Revert a CAF?

[Simon Marlow]

On 07/12/11 15:16, Twan van Laarhoven wrote:
> On 06/12/11 18:48, wren ng thornton wrote:
>> So, I have an optimization/internals question. Does the GHC API have any
>> hooks for being able to revert a CAF to the original expression, thus
>> discarding the previously computed result?
>>
>> ...
>>
>> I could hack something together based on unsafePerformIO and top-level
>> IORefs, and it's clear that this is in fact a safe thing to do, but I'm
>> worried about the semantic issues inherent in unsafePerformIOed
>> top-level IORefs (e.g., the fact that their scope isn't particularly
>> well defined: is it per library instance? per runtime?...).
>> Unfortunately, for what I'm doing, it isn't really feasible to just
>> leave the IO type in there nor to pass around the infinite list so we
>> can use scoping rules to decide when to free it.
>
> How bad is the IORef solution really?
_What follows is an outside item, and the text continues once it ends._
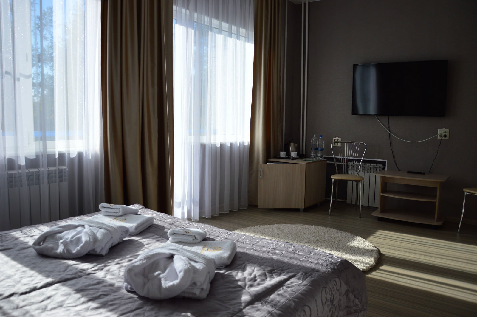 Площадь номера - 20 кв.м. 2 осн. места. Балкон. Мебель: диван, кровать двуспальная, прикроватные тумбочки, столик журнальный, стулья, тумба под холодильник, шкаф. Оборудование: мини-холодильник, телевизор, чайный набор посуды, электрочайник. Санузел: с душем, тапочки, туалетные принадлежности, фен, халат. Сервис: смена полотенец, смена постельного белья, уборка номера.
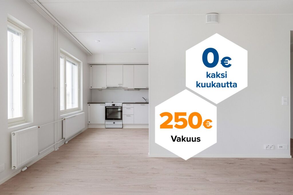 Tee sopimus nyt – saat kahden ensimmäisen kuukauden käyttövastikkeen hintaan 0 € ja vakuusmaksun 250 €. Edut ovat voimassa 15.4.2026 saakka ja koskevat vain uusia asiakkaita. Vesi- ja autopaikkamaksut normaalisti. Edellyttää 12 kuukauden asumista.

I.e. can someone more well versed
> in ghc internals tell me why this wouldn't work?
>
> type CAF a = IORef (() -> a, a)
> mkCAF :: (() -> a) -> a
> mkCAF f = unsafePerformIO $ newIORef (f, f ())
> getCAF :: CAF a -> a
> getCAF = snd . unsafeDupablePerformIO . readIORef
> resetCAF :: CAF a -> IO ()
> resetCAF = modifyIORef $ \(f,_) -> (f, f ())
>
> myCAF :: CAF [Int]
> myCAF = mkCAF $ \_ -> [1..1000000]
> {-# NOINLINE myCAF #-}

What will happen here is that GHC will transform it to:

x = [1..1000000]
myCAF = mkCAF $ \_ -> x

and you're no better off.  This will always happen with a function of 
type () -> a, because by definition the return value does not depend on 
the argument, so the contents will always be lifted out.

You could use -fno-full-laziness I suppose...

Cheers,
	Simon